Serum concentrations of miR‐122 were proposed as a marker for various inflammatory diseases, but the mechanisms driving alterations in miR‐122 serum levels are unknown.

We analysed miR‐122 serum levels and hepatic miR‐122 expression in mice after hepatic ischaemia and reperfusion (I/R) injury. These data were compared with data from mice after caecal pole ligation and puncture (CLP) procedure. To translate these data into the human, we analysed miR‐122 serum concentrations in a cohort of 223 patients with critical illness and 57 patients with cirrhosis.

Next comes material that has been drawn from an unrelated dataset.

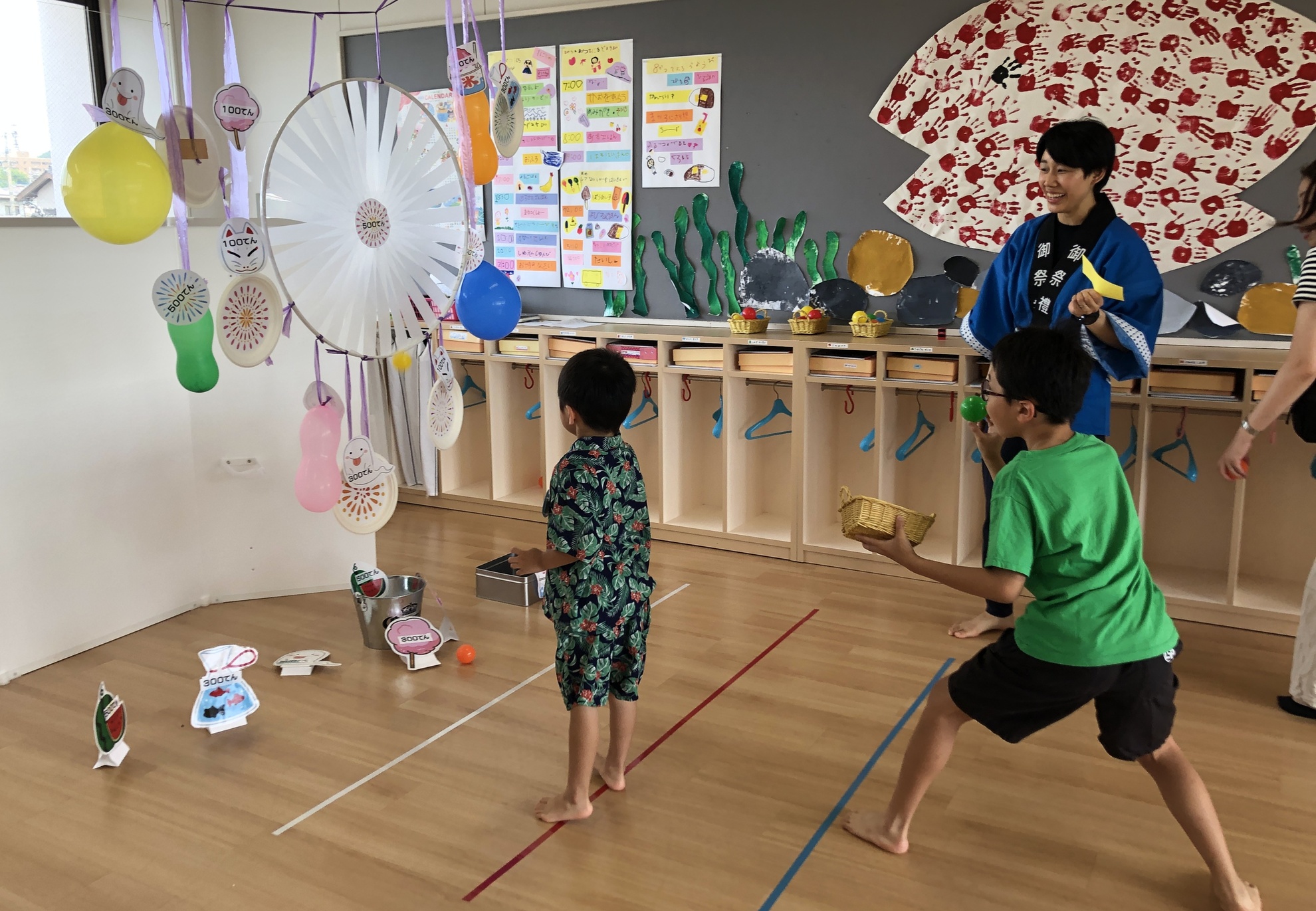 夏まつり 楽しみにしていた夏まつり。くじびきにヨーヨーつり、ゲーム等、保護者の方や友達と一緒に、夏を感じる楽しい時間になりました。自分たちで作ったうちわを持って、元気いっぱい盆踊りも楽しめました。 カテゴリー: 投稿日:2025年07月19日 前へ

We detected strongly elevated levels of miR‐122 in mice after hepatic I/R injury. miR‐122‐concentrations correlated with the degree of liver damage according to AST/ALT and were associated with the presence of hepatic cell death detected by TUNEL staining. miR‐122 levels were elevated in the cellular supernatants in an in vitro model of hepatocyte injury, supporting the hypothesis that the passive release of miR‐122 represents a surrogate for hepatocyte death in liver injury. Moreover, miR‐122 levels were almost normal in patients with cirrhosis without ongoing liver damage, but were elevated when liver injury was present. In contrast to previous assumptions, miR‐122‐concentrations were independent of the presence of infection/sepsis in mice or human patients. miR‐122 levels did not correlate with disease severity or mortality in critically ill patients. In contrast, serum miR‐122 levels strictly correlated with the presence of hepatic injury in these patients.

In mice and humans, miR‐122 levels represent an independent and potent marker of ongoing liver injury and hepatic cell death regardless of the underlying disease.